TASK STATEMENT: Please set down exactly the lines from the one that contains "민원증명 -> 소득금액증명을 클릭." through the end of the material, leaving out every picture.

GIVEN DATA:
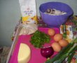 In tigaia cu untul incins,se caleste ceapa tocata marunt,ciupercile taiate in lamele subtiri iar dupa ce a scazut apa din ciuperci se condimenteaza si se opreste focul;intr-un bol se rade cascavalul,se amesteca cu ouale,apoi faina, verdeata tocata marunt,se adauga ciupercile si totul se rastoarna in tava cu hartia de copt si se lasa la cuptor 25-30min;se taie rece;este un aperitiv foarte bun,alaturi de o berica.
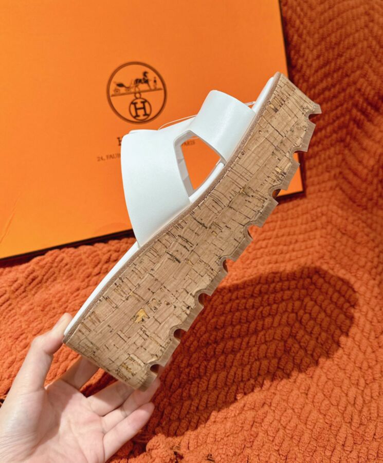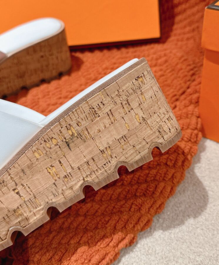 Sandal in calfskin with H cut-out. A light cork platform for a daring yet comfortable style, perfect for summer. Heel height: 2.8″ | Front sole-heel height difference: 1.2″
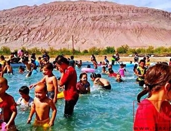 一面是热气蒸腾、烟云缭绕的火焰山,另一面是占地近3000平方米、满池碧波荡漾的露天游泳馆,就在这两处让人有强烈视觉反差冲击的景致间,又是一片绿意盈盈的杏花林将两者连作一处,生出一片凉意。
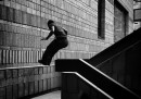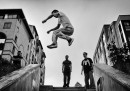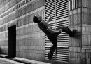 Il fotografo francese Alexandre Chamelat ha scattato una serie di fotografie in bianco e nero molto suggestive che ritraggono diversi professionisti del parkour mentre sono in volo o mentre si arrampicano sulle pareti, oppure mentre si danno la spinta. Un po’ di tempo fa circolò anche un bel video girato dal punto di vista di chi fa parkour.
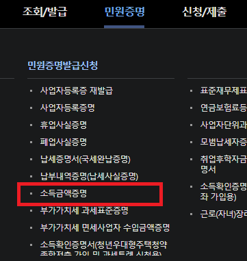 민원증명 -> 소득금액증명을 클릭.
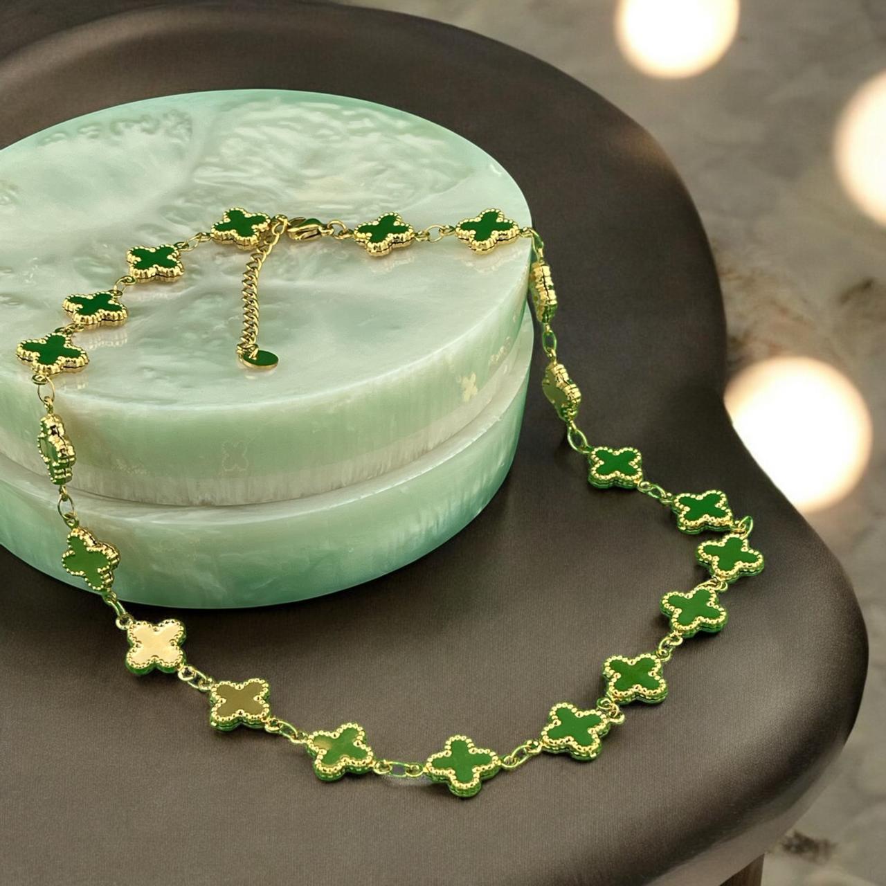 Estos tréboles en ORO LAMINADO DE 18k son la perfecta representación de elegancia y sofisticación. Ligero y cómodo de llevar, este collar se ha convertido en una tendencia imprescindible.

FINAL ANSWER:
 민원증명 -> 소득금액증명을 클릭.
 Estos tréboles en ORO LAMINADO DE 18k son la perfecta representación de elegancia y sofisticación. Ligero y cómodo de llevar, este collar se ha convertido en una tendencia imprescindible.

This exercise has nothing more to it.